Celtic have confirmed that they are to select Rod Stewart in goal for the rest of the season after the SFA demanded changes to make Scottish football more interesting.
Brendan Rodgers’ side are a gigantic 27 points ahead of the rest of the league with 14 matches remaining.
This has prompted SFA bosses to convene an emergency meeting due to fears that the Scottish top flight is in immediate danger of becoming a hugely predictable laughing stock.
The SFA then requested that Celtic play with a handicap or they will deny them the league title due to this being a piece of piss they could win with their eyes closed.

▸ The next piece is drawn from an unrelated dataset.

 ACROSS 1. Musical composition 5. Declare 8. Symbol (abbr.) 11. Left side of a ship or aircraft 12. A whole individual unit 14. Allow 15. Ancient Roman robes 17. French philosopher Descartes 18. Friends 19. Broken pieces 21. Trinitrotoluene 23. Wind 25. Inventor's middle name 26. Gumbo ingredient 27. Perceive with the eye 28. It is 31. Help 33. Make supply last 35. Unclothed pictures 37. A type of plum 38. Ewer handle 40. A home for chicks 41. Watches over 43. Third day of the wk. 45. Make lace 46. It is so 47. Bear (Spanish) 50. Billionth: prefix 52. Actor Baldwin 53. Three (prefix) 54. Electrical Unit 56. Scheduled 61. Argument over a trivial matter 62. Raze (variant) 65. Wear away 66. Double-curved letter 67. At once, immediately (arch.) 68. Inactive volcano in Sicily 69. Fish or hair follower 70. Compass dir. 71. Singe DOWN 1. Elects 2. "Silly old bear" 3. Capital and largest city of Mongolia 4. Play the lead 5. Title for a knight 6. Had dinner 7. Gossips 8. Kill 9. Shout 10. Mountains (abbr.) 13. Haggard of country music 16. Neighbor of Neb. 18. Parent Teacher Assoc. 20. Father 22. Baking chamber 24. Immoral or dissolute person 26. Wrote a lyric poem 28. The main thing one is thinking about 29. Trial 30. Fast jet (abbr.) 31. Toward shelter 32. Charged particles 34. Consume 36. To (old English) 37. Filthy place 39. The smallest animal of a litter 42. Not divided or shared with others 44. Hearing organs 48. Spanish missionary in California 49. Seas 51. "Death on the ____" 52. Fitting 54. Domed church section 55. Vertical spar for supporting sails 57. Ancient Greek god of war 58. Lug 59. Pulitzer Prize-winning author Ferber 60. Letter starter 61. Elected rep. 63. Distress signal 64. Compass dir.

Forcing Celtic to pick 72-year-old rock star Stewart in goal was agreed ahead of a number of other options to level the playing field.

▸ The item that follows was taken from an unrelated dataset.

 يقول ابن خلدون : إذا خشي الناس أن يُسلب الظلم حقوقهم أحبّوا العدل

These included making Celtic’s starting XI each down a two-litre bottle of Irn-Bru on the pitch before kick-off, handcuffing Moussa Dembele to Scott Brown and – most drastically of all – forcing Celtic to rehire Ronny Deila as manager.
Stewart has already been hired by the SFA this season to make the Scottish Cup draw – a duty the star pulled off with great charm and professionalism, despite one too many Highland Spring mineral waters leading him to pinch the SFA president’s bottom.
Stewart appeared alongside Brendan Rodgers at a press conference yesterday and sang:
Wake up Scotland, I think I’ve got something you’ve got to hear.
By late September we really should never be 12 points clear.
You’re all just a bunch of jokes.
We’d beat you still with Anthony Stokes.
But what do I care if we win year after year?